** Opening SUPPLIED DATA block **
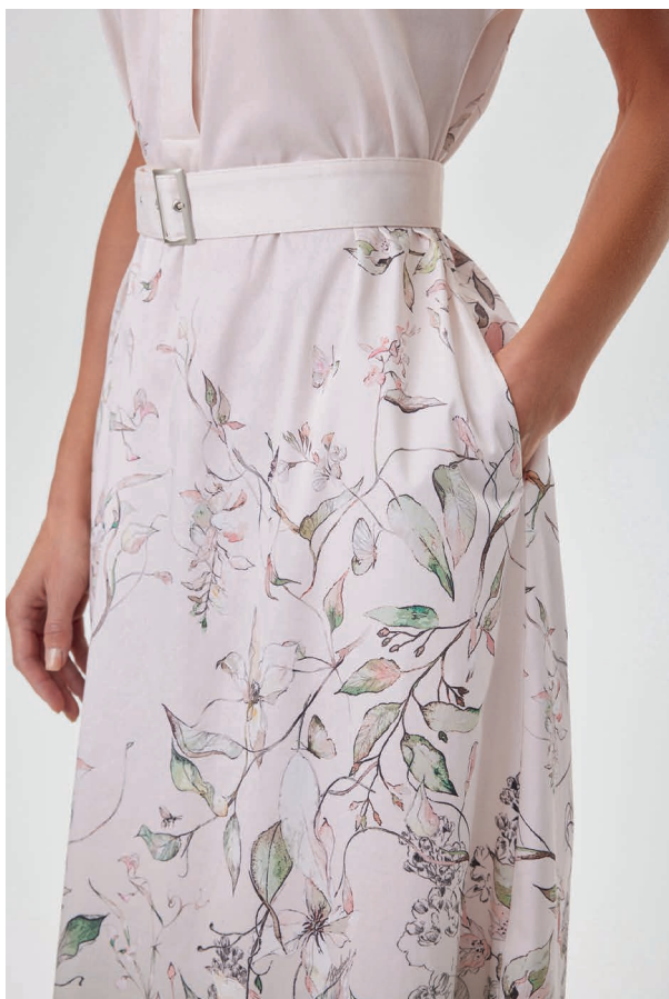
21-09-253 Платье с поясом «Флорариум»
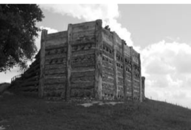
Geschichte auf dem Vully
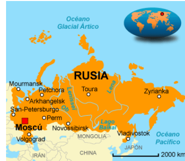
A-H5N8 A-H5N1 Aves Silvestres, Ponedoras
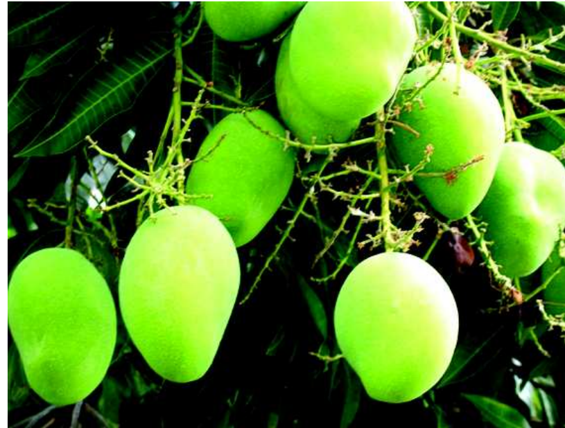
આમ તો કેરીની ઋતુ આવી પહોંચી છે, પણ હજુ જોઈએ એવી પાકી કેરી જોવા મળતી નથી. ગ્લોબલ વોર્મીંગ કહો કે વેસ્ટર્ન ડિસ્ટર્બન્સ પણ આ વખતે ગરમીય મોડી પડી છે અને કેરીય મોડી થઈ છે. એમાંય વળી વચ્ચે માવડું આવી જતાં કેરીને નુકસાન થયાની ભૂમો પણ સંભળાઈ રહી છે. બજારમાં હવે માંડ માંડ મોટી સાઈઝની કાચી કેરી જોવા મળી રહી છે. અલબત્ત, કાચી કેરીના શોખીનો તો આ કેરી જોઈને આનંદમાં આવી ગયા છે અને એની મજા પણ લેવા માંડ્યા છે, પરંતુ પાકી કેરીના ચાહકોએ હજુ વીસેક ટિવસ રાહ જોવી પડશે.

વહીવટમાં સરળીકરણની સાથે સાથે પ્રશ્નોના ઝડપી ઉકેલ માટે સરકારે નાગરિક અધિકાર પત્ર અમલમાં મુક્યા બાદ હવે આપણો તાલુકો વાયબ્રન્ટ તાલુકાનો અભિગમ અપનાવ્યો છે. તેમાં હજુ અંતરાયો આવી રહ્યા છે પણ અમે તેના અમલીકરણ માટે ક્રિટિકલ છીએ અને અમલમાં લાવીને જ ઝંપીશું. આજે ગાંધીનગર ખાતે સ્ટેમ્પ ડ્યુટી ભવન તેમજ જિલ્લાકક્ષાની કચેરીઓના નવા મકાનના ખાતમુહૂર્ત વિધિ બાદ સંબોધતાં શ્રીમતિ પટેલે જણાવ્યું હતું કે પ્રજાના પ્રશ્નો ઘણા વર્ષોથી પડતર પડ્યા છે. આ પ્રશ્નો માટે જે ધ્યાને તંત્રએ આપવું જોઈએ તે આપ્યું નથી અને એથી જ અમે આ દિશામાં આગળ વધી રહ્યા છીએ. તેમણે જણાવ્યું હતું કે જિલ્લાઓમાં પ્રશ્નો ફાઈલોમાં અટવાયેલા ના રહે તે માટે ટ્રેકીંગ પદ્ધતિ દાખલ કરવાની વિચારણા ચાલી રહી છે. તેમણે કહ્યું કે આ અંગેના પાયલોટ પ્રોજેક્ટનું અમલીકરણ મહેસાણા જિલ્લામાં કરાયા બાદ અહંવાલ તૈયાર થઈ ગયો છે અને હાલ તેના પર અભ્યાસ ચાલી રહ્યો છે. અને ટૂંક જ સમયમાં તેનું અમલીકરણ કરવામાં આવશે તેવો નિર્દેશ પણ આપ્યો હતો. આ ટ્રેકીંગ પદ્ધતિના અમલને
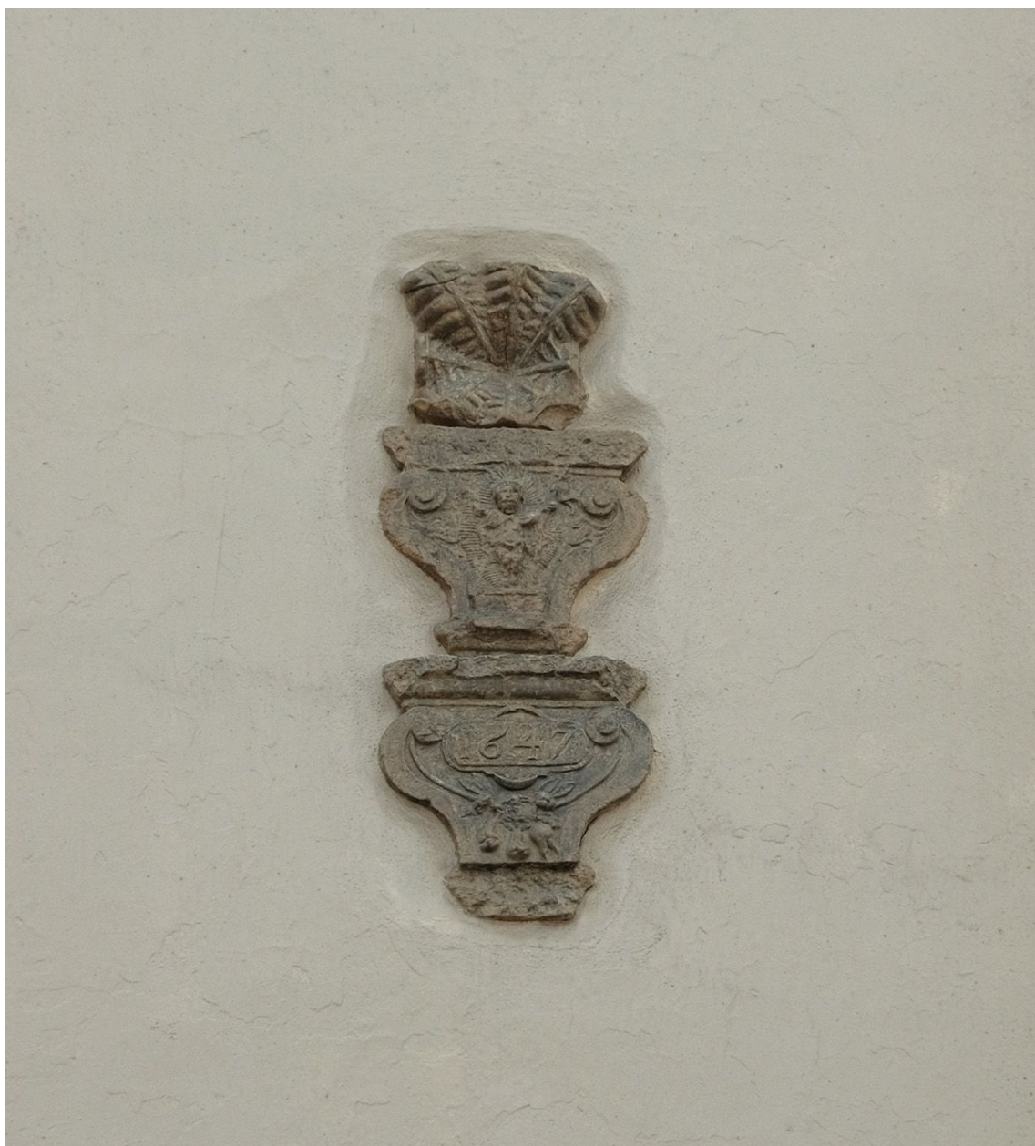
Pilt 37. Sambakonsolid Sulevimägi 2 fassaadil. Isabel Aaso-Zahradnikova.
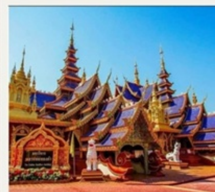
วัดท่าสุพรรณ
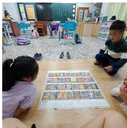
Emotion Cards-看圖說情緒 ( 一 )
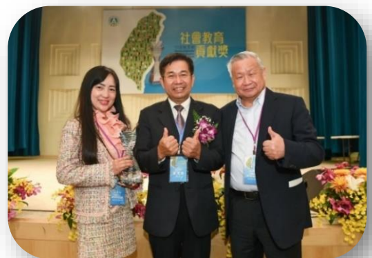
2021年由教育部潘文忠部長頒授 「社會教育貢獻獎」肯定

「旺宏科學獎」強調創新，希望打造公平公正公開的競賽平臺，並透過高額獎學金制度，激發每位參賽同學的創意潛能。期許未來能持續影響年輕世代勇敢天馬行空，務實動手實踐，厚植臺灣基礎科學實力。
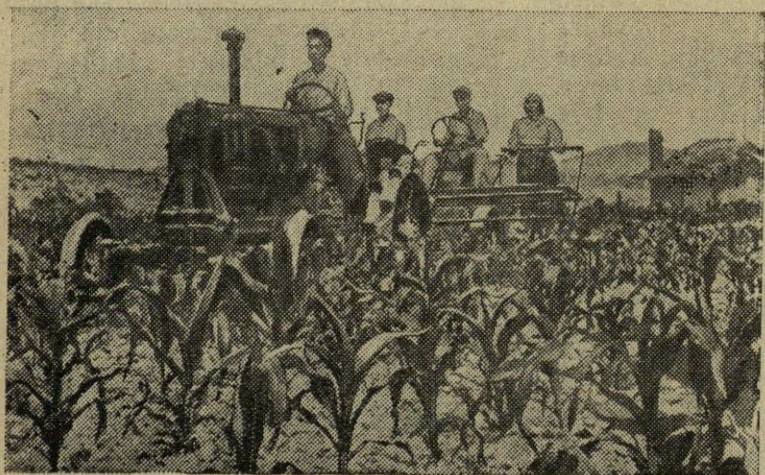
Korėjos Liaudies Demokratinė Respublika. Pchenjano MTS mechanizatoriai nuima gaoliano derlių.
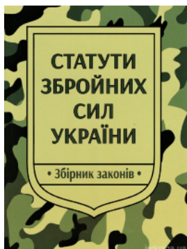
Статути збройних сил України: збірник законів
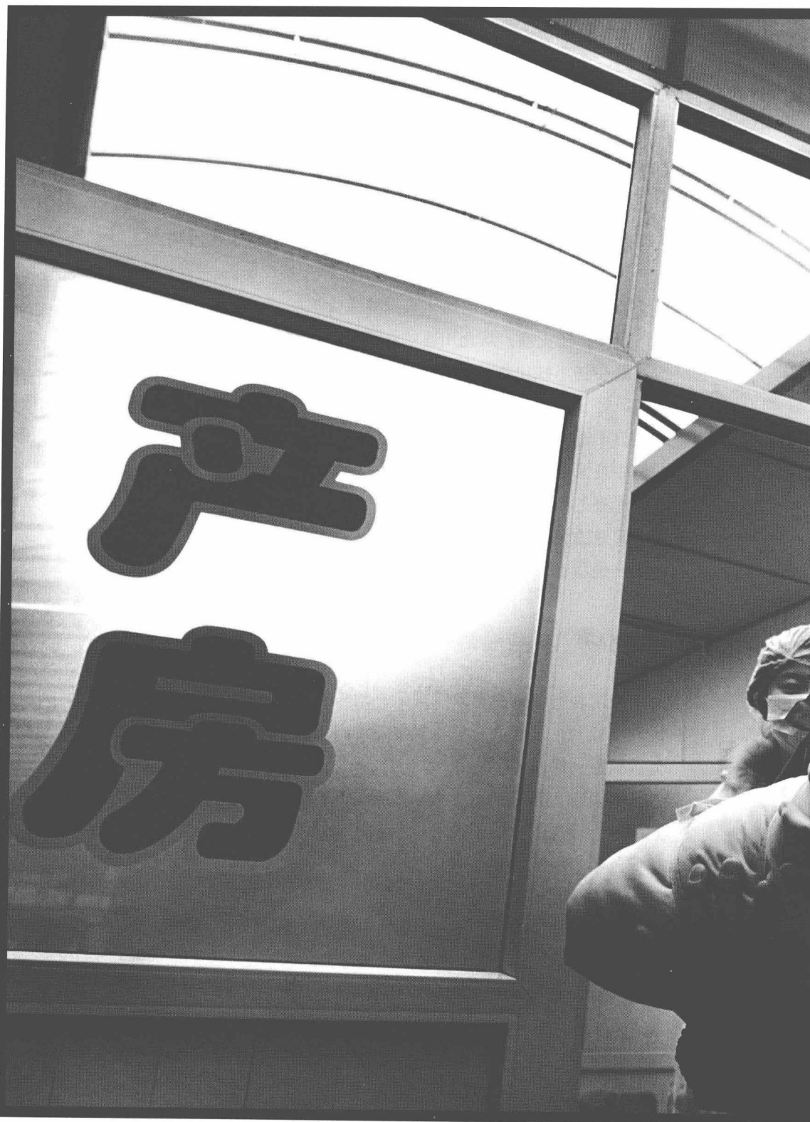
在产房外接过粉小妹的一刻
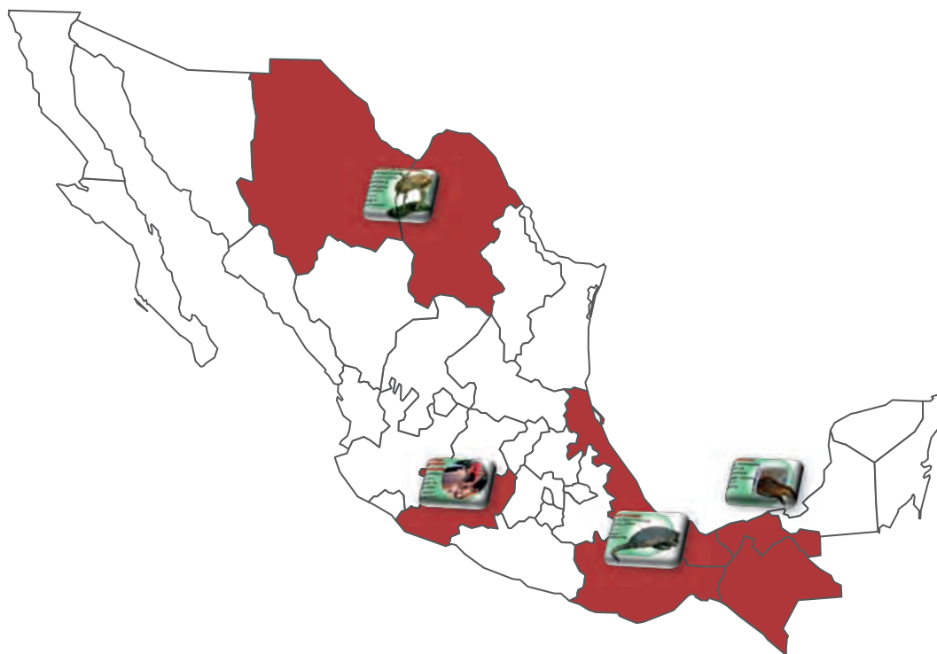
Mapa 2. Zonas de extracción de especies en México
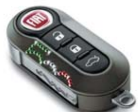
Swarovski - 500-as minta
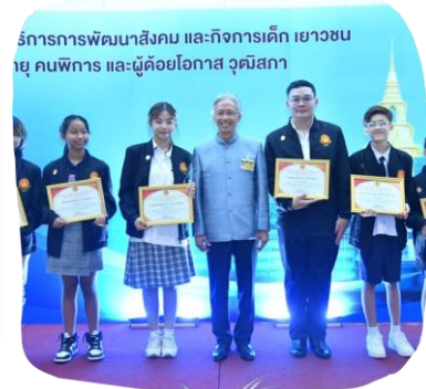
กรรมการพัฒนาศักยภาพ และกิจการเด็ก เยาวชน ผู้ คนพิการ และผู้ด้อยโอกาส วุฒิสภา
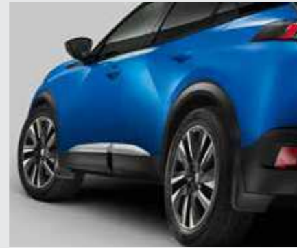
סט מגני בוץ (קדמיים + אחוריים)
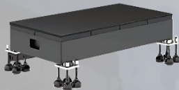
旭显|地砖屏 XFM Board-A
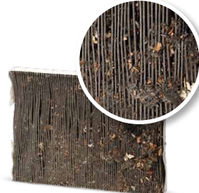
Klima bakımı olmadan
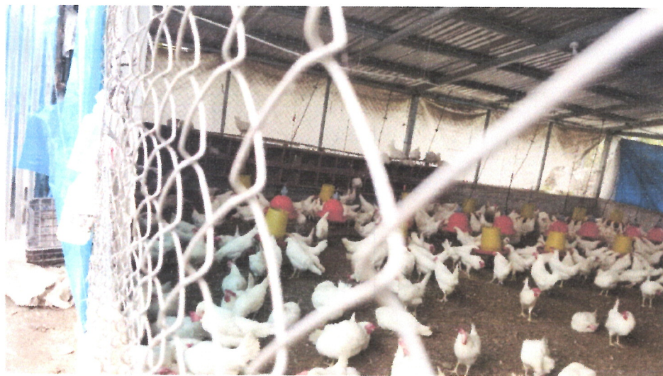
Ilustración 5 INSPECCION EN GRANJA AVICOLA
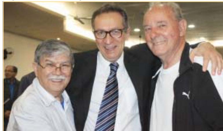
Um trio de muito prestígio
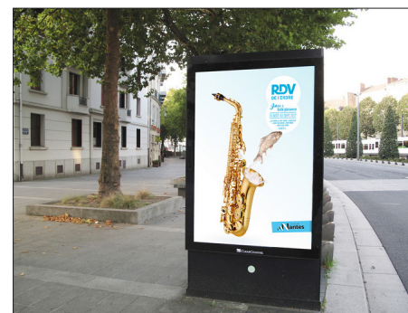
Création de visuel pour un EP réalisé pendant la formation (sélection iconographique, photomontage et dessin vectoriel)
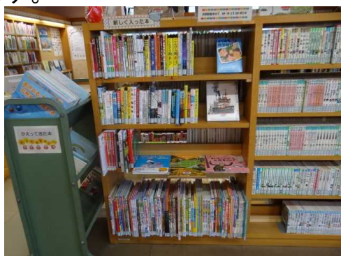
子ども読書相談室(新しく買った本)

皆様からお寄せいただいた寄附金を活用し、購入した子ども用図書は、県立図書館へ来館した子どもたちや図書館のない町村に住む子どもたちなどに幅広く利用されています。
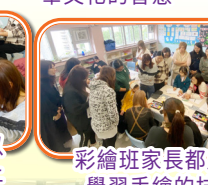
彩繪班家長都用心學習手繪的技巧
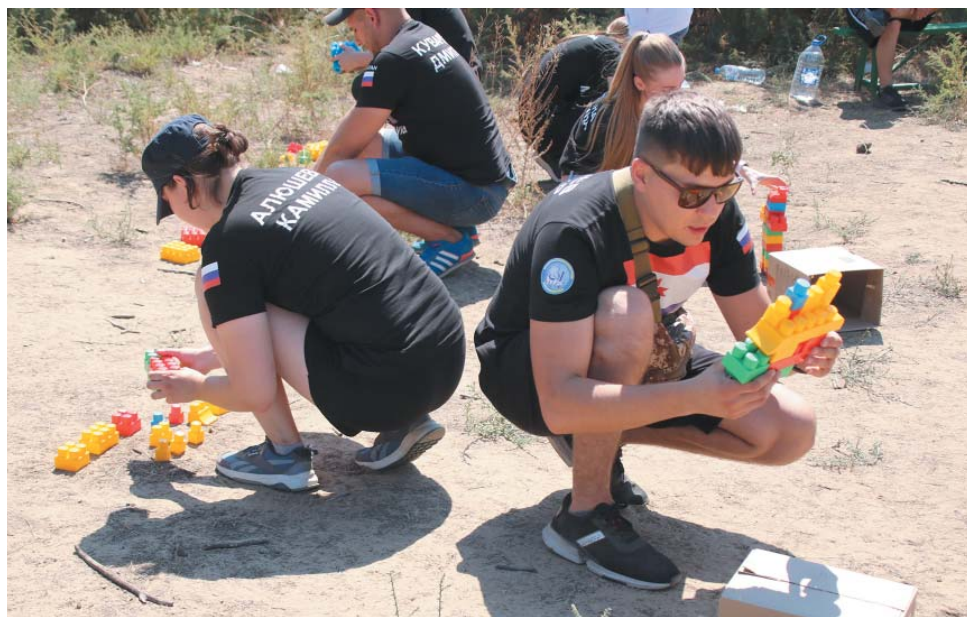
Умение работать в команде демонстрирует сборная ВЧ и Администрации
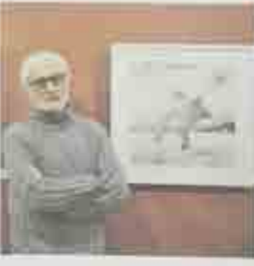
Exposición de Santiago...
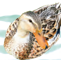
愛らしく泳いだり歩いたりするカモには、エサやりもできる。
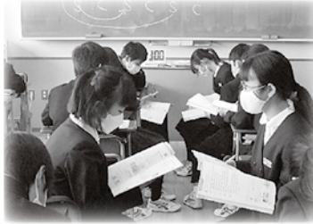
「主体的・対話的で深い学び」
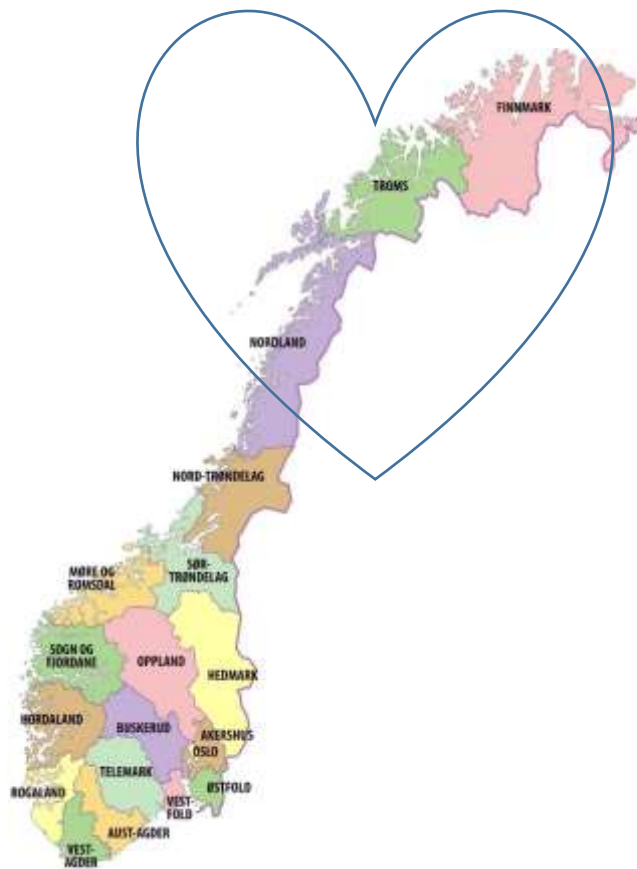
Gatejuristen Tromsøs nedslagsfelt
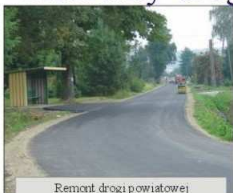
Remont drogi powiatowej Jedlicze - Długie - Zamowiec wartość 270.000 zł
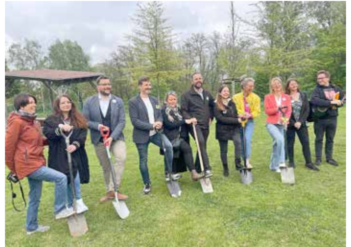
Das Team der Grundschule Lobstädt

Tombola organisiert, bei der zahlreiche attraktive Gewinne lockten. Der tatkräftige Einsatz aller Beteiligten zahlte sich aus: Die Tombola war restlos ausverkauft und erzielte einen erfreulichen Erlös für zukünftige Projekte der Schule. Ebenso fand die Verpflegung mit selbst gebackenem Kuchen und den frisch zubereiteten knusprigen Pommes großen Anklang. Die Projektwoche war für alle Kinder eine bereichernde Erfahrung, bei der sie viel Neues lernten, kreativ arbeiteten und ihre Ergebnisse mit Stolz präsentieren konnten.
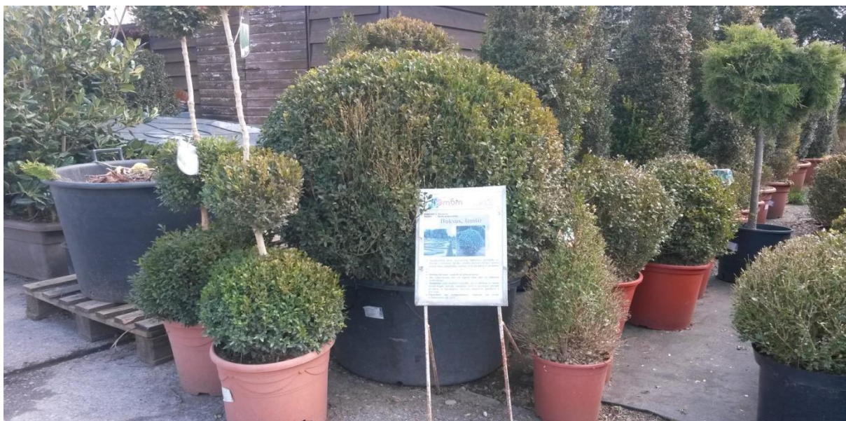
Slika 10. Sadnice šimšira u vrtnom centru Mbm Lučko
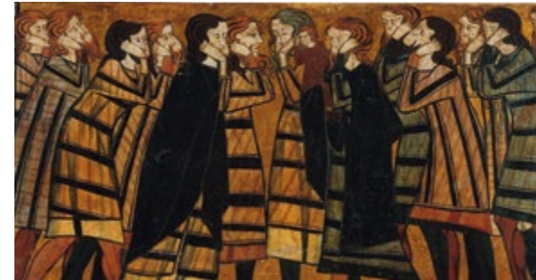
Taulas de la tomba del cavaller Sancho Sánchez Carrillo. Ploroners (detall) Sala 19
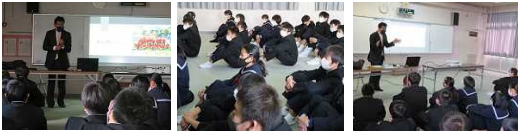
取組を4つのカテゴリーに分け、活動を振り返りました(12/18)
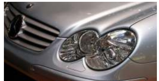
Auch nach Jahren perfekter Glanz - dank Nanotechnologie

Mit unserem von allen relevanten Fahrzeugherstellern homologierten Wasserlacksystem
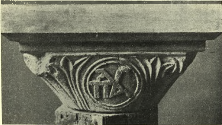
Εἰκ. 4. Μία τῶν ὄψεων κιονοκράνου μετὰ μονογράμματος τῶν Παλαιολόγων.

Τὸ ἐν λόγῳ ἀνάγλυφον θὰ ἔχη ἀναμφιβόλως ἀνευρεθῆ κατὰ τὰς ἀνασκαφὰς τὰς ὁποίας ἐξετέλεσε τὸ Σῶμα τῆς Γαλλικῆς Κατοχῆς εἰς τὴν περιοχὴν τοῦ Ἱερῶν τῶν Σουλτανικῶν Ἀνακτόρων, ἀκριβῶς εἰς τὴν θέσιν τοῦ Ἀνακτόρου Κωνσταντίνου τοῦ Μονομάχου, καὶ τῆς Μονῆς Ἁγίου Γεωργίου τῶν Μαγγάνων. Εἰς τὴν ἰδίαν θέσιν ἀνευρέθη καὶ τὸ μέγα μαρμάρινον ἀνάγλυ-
** Closing SUPPLIED DATA block **
WHAT IS BEING ASKED
All lines from the one containing "Εἰκ. 4. Μία" through the end of the data, and no others, are to be given again word for word.

WRITTEN RESPONSE
Εἰκ. 4. Μία τῶν ὄψεων κιονοκράνου μετὰ μονογράμματος τῶν Παλαιολόγων.

Τὸ ἐν λόγῳ ἀνάγλυφον θὰ ἔχη ἀναμφιβόλως ἀνευρεθῆ κατὰ τὰς ἀνασκαφὰς τὰς ὁποίας ἐξετέλεσε τὸ Σῶμα τῆς Γαλλικῆς Κατοχῆς εἰς τὴν περιοχὴν τοῦ Ἱερῶν τῶν Σουλτανικῶν Ἀνακτόρων, ἀκριβῶς εἰς τὴν θέσιν τοῦ Ἀνακτόρου Κωνσταντίνου τοῦ Μονομάχου, καὶ τῆς Μονῆς Ἁγίου Γεωργίου τῶν Μαγγάνων. Εἰς τὴν ἰδίαν θέσιν ἀνευρέθη καὶ τὸ μέγα μαρμάρινον ἀνάγλυ-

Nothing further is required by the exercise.